_Data supplied_.
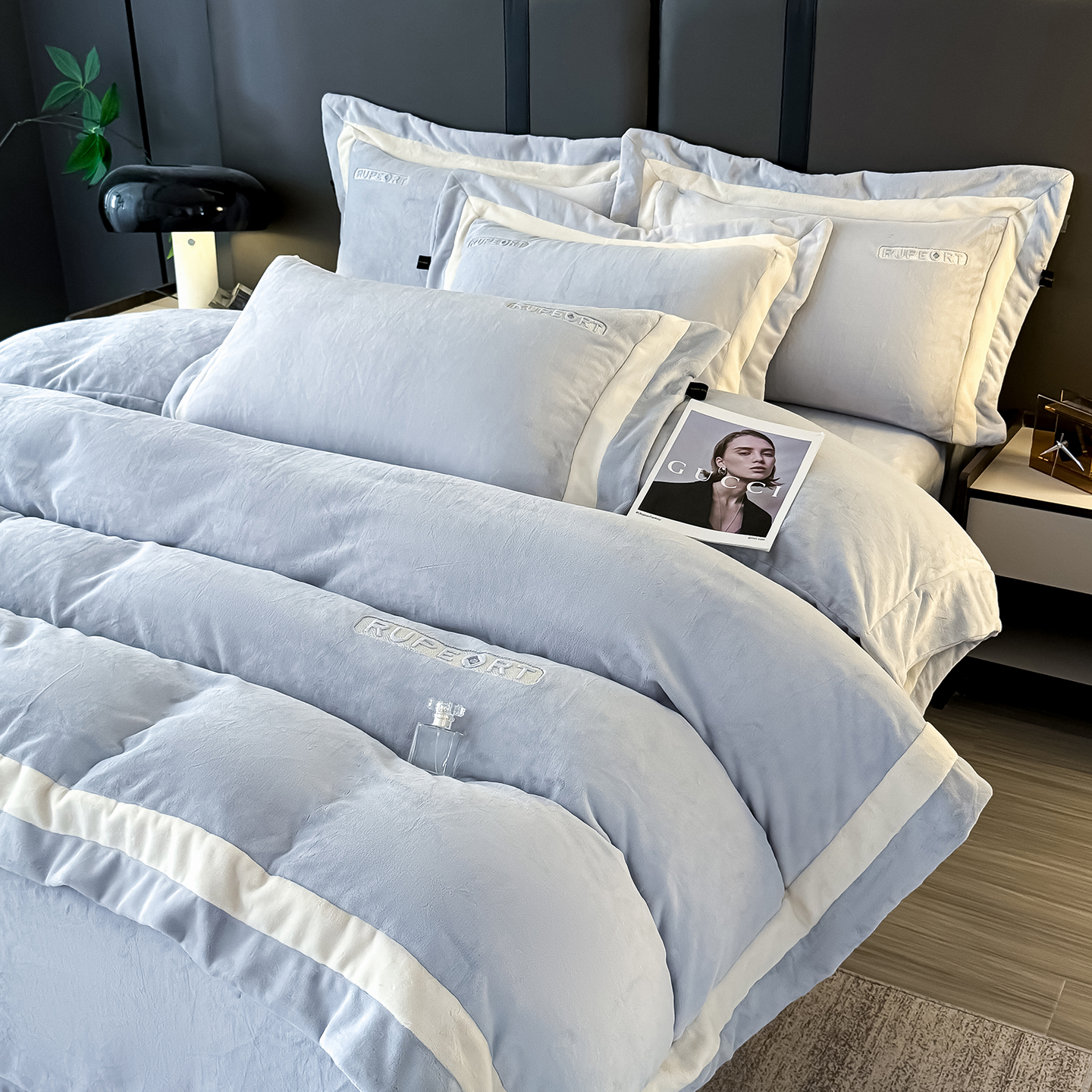 恋尚羽家纺 2025新款超厚云芙绒宽边牛奶绒四件套 奢华-天空蓝
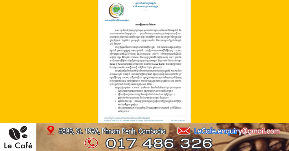 ភ្នំពេញ ៖ លោក កែវ រ៉េមី ទេសរដ្ឋមន្ត្រី ប្រធានគណៈកម្មាធិការសិទ្ធិមនុស្សកម្ពុជា (គ.ស.ម.ក.) នៅយប់ថ្ងៃទី១២ ខែវិច្ឆកានេះ បានលើកឡើងថា ៖ ដោយមើលឃើញពីការរំលោភសិទ្ធិសេរីភាពជាមូលដ្ឋានរបស់ប្រជាជនកម្ពុជាស្លូតត្រង់ គណៈកម្មាធិការសិទ្ធិមនុស្សកម្ពុជា បានរៀបចំ និងបានដាក់ញត្តិជាបន្ទាន់ទៅ ឧត្តមស្នងការអង្គការសហប្រជាជាតិទទួលបន្ទុកសិទ្ធិមនុស្ស (OHCHR) នៅទីក្រុងហ្សឺណែវ ឧត្តមស្នងការអង្គការសហប្រជាជាតិទទួលបន្ទុកសិទ្ធិមនុស្សប្រចាំតំបន់អាស៊ីអាគ្នេយ៍ នៅទីក្រុងបាងកក ស្ថាប័នសិទ្ធិមនុស្សជាតិឯករាជ្យក្នុងតំបន់អាស៊ាន ព្រមទាំងប្រធានប្តូរវេន និងជាតំណាងប្រទេសម៉ាឡេស៊ីអាយឆា ផងដែរ ។
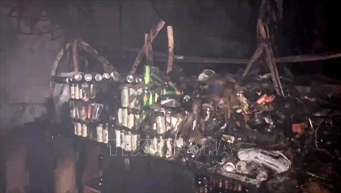 Hiện trường vụ cháy hộp đêm tại Arpora, Ấn Độ, ngày 7-12-2025. Ảnh: ANI/TTXVN
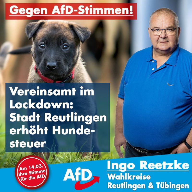 Reutlingen, 16.12.2020. Der Reutlinger Gemeinderat hat am Dienstagabend eine Erhöhung der Hundesteuer um bis zu 25 Prozent beschlossen – gegen die Stimmen der Fraktion der Alternative für Deutschland (AfD). Deren stellvertretender Fraktionsvorsitzender Ingo Reetzke begründet die Ablehnung auch...
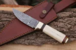 9″ Damascus Steel Skinner Hunting Knife – Stag Horn Handle with Leather Sheath
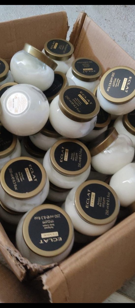 Eclat vücut kremi, 250 ml kavanozlarda, cildi yumuşatan ve nemlendiren zengin kıvamlı krem. Altın kapaklı, siyah etiketli şık kavanozlar.
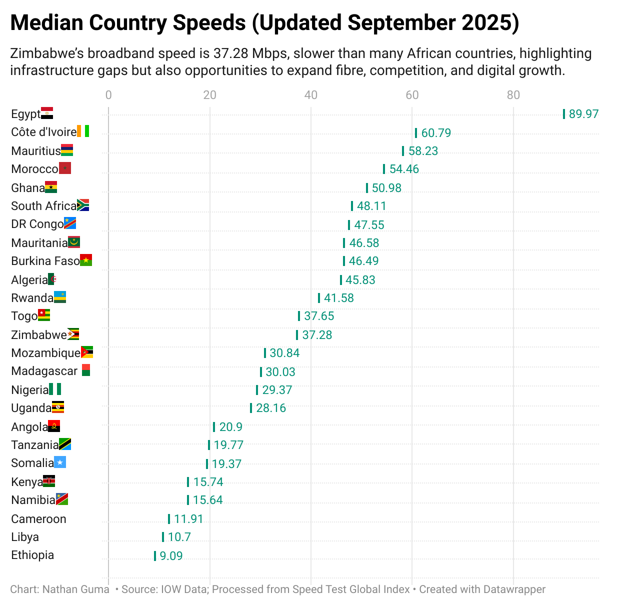 Egypt leads the continent with 89.97 Mbps, followed by Côte d’Ivoire (60.79 Mbps) and Mauritius (58.23 Mbps). In southern Africa, Ghana (50.98 Mbps) and Rwanda (41.58 Mbps) have made significant strides through consistent fibre expansion and private sector partnerships, lessons Zimbabwe could draw from.
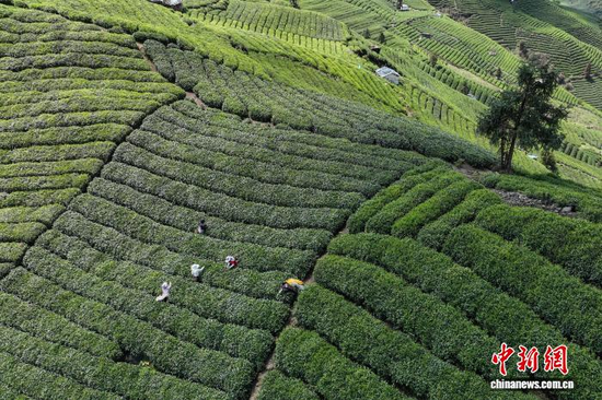 今天为大家推荐的每日一图是4月3日,茶农在贵州省黔南州贵定县云雾镇境内的茶园采摘春茶。记者 瞿宏伦 摄

_Task directions_.
Go to the line above that has "Reutlingen, 16.12.2020. Der" and copy exactly from there down to the line that has "9″ Damascus Steel", both included. Leave the pictures out.

_Written response_.
 Reutlingen, 16.12.2020. Der Reutlinger Gemeinderat hat am Dienstagabend eine Erhöhung der Hundesteuer um bis zu 25 Prozent beschlossen – gegen die Stimmen der Fraktion der Alternative für Deutschland (AfD). Deren stellvertretender Fraktionsvorsitzender Ingo Reetzke begründet die Ablehnung auch...
 9″ Damascus Steel Skinner Hunting Knife – Stag Horn Handle with Leather Sheath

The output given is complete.